Spending subject to appropriation

    The legislation also would affect spending for activities 
funded by annual appropriations. It would direct the GAO to 
prepare two studies, one related to currency transaction 
reports filed with Department of the Treasury, and one on 
issues related to the effectiveness and efficiency of the 
current approach to regulating financial institutions. Based on 
information from GAO, CBO estimates that completing those 
studies would cost about $1 million in 2007.
    The bill also would require the SEC to issue new 
regulations on various matters, exempt thrift institutions from 
certain registration requirements, and exempt certified public 
accountants from certain disclosure requirements. Based on 
information from the SEC, CBO estimates that the budgetary 
effects of those changes would not be significant.
    Estimated impact on State, local, and tribal governments: 
The legislation contains intergovernmental mandates, as defined 
in UMRA, because it would limit certain fees that bank 
supervisors may impose on banks not domiciled in their state 
and place certain notification requirements on bank 
supervisors. The bill also would preempt state laws if banks or 
credit unions go into receivership. Based on information from 
industry authorities and state entities, CBO estimates that 
these provisions would impose minimal costs, if any, on state, 
local, and tribal governments that would not exceed the 
threshold established in UMRA ($64 million in 2006, adjusted 
annually for inflation).
    Other provisions of the bill would impose no costs on 
state, local, or tribal governments.
    Estimated impact on the private sector: The bill contains 
several private-sector mandates as defined in UMRA. The 
mandates in the bill would impose:
           Requirements on certain insured depository 
        institutions and parties affiliated with such 
        institutions with respect to safety and soundness;
           Restrictions on parties with certain 
        contracts or agreements with depository institutions 
        that go into conservatorship or receivership; and
           Restrictions on participation in the affairs 
        of certain financial institutions by people convicted 
        of certain crimes.
    At the same time, the bill would relax some restrictions on 
the operations of certain financial institutions. CBO estimates 
that the aggregate direct costs of mandates in the bill would 
not exceed the annual threshold established in UMRA ($126 
million in 2006, adjusted annually for inflation).

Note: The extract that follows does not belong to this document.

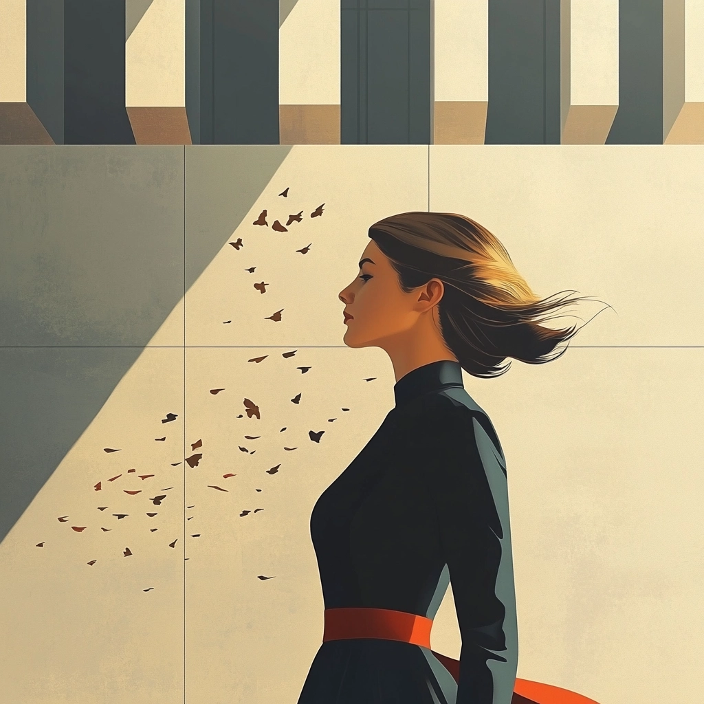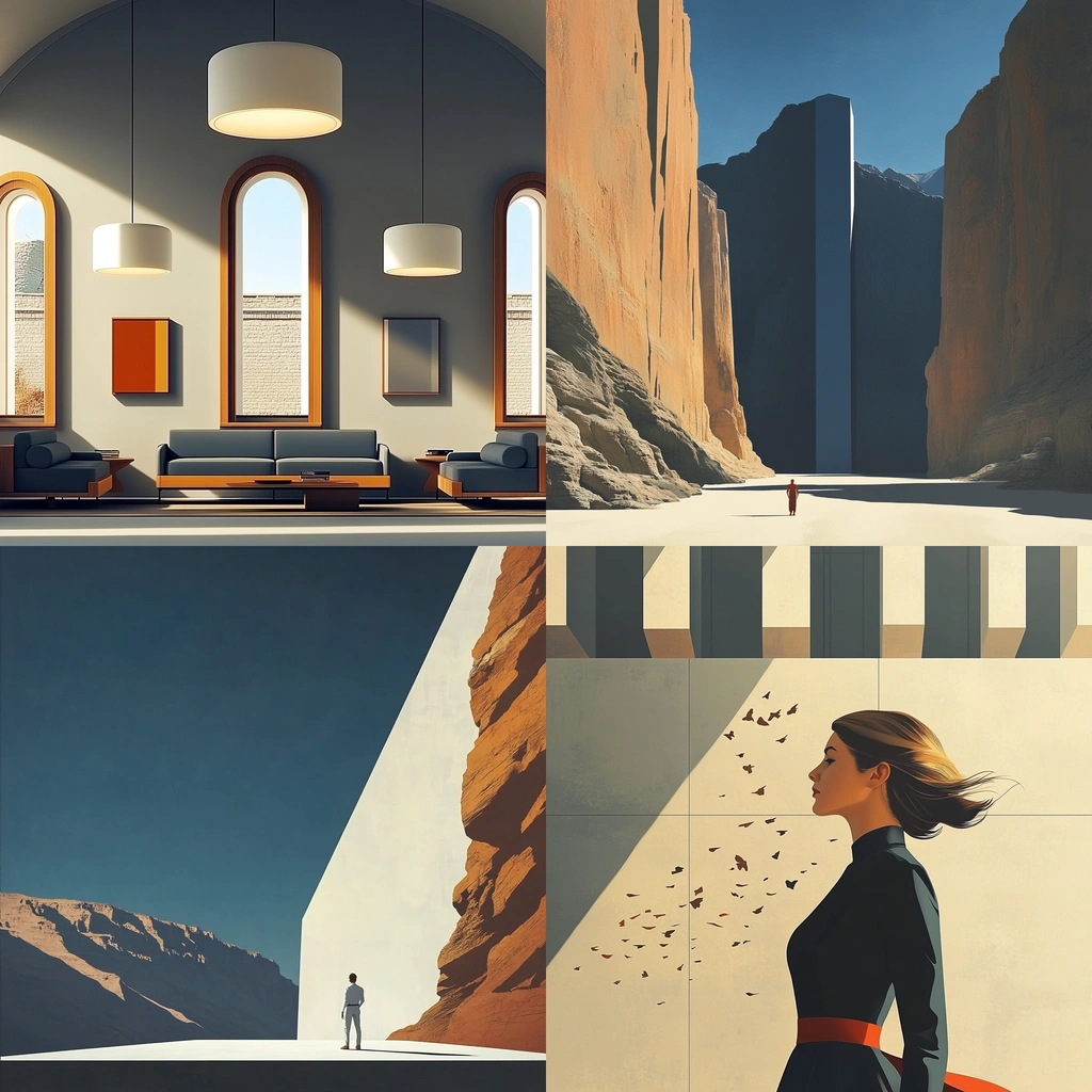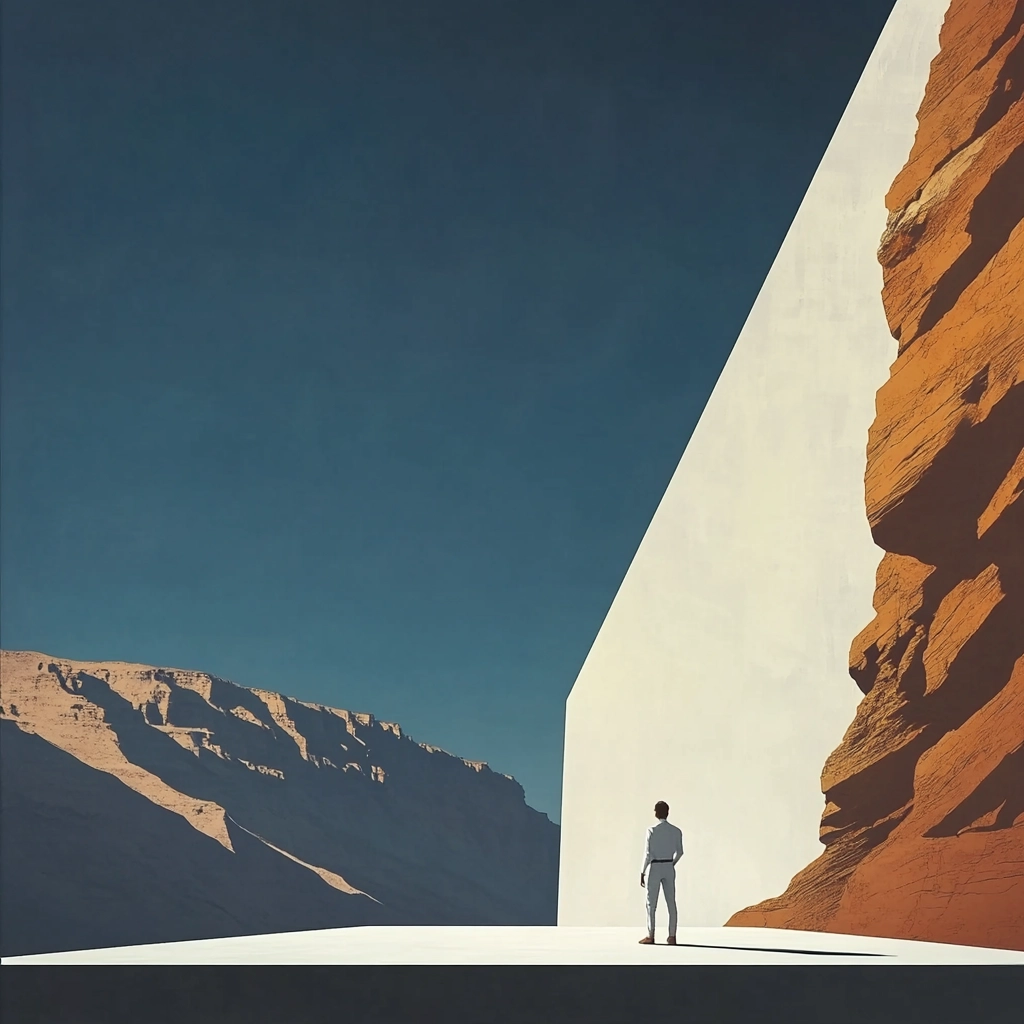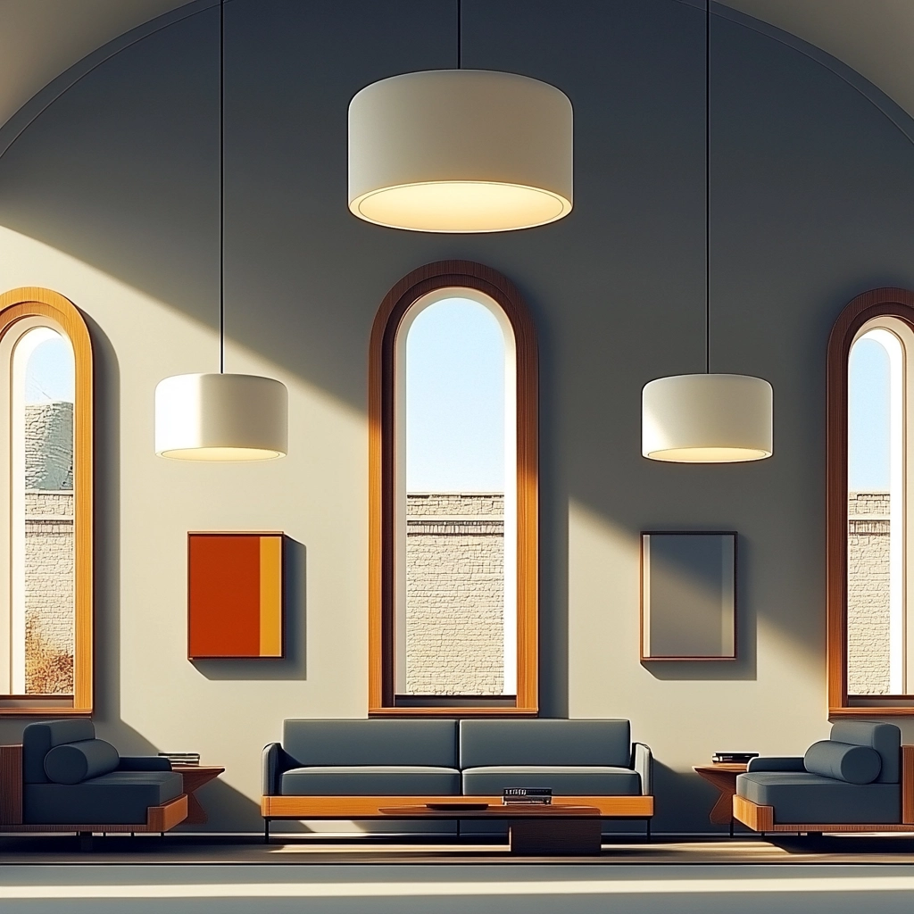 The lighting creates distinct shadows, emphasizing clear geometric forms. Deep colors instill a sense of depth, while smooth textures enhance a minimalist spatial presentation.

Enhanced safety and soundness enforcement

    The bill would expand and enhance some of the authorities 
of federal banking agencies with respect to troubled or failing 
institutions, and certain parties affiliated with those 
institutions. For example, the bill would enhance the authority 
of banking agencies to enforce certain conditions imposed on 
depository institutions and parties affiliated with such 
institutions. The bill also would make companies that control 
depository institutions subject to certain authorities of the 
FDIC. Based on information from the FDIC, CBO expects that the 
cost to the private sector of these expanded authorities would 
be small.
    The Gramm-Leach-Bliley Act allowed new forms of 
affiliations among depositories and other financial services 
firms. Consequently, insured depository institutions may now be 
controlled by a company other than a depository institution 
holding company (DIHC). The bill would amend current law to 
give the FDIC certain authorities concerning troubled or 
failing depository institutions held by those new forms of 
holding companies.
    Cross-Guarantee Authority. Under current law, if the FDIC 
suffers a loss from liquidating or selling a failed depository 
institution, the FDIC has the authority to obtain reimbursement 
from any insured depository institution within the same DIHC. 
Section 703 would expand the scope of the FDIC's reimbursement 
power to include all insured depository institutions controlled 
by the same company, not just those controlled by the same 
DIHC.
    The cost of this mandate would depend, among other things, 
on the probability of failure of the additional institutions 
subject to this authority and the probability that the FDIC 
would incur a loss as a result of those failures. The new 
authority would apply only to a few depository institutions. 
Based on information from the FDIC, CBO estimates that the cost 
of this mandate would not be substantial.
    Golden Parachute Authority and Nonbank Holding Companies. 
Section 704 would allow the FDIC to prohibit or limit any 
company that controls an insured depository from making 
``golden parachute'' payments or indemnification payments to 
parties affiliated with troubled or failing insured 
depositories. (Affiliated parties include directors, officers, 
employees, and controlling shareholders. Such parties also 
include independent contractors such as accountants or lawyers 
who participate in violations of the law or undertake 
unsoundbusiness practices that may cause a financial loss to, or 
adverse effect on, the insured depository institution.)
    Based on information from the FDIC, CBO expects that only a 
few institutions would be covered by the new authority. In the 
event that the FDIC exercises this authority, CBO expects that 
the cost to institutions of withholding such payments would be 
administrative in nature and minimal, if any.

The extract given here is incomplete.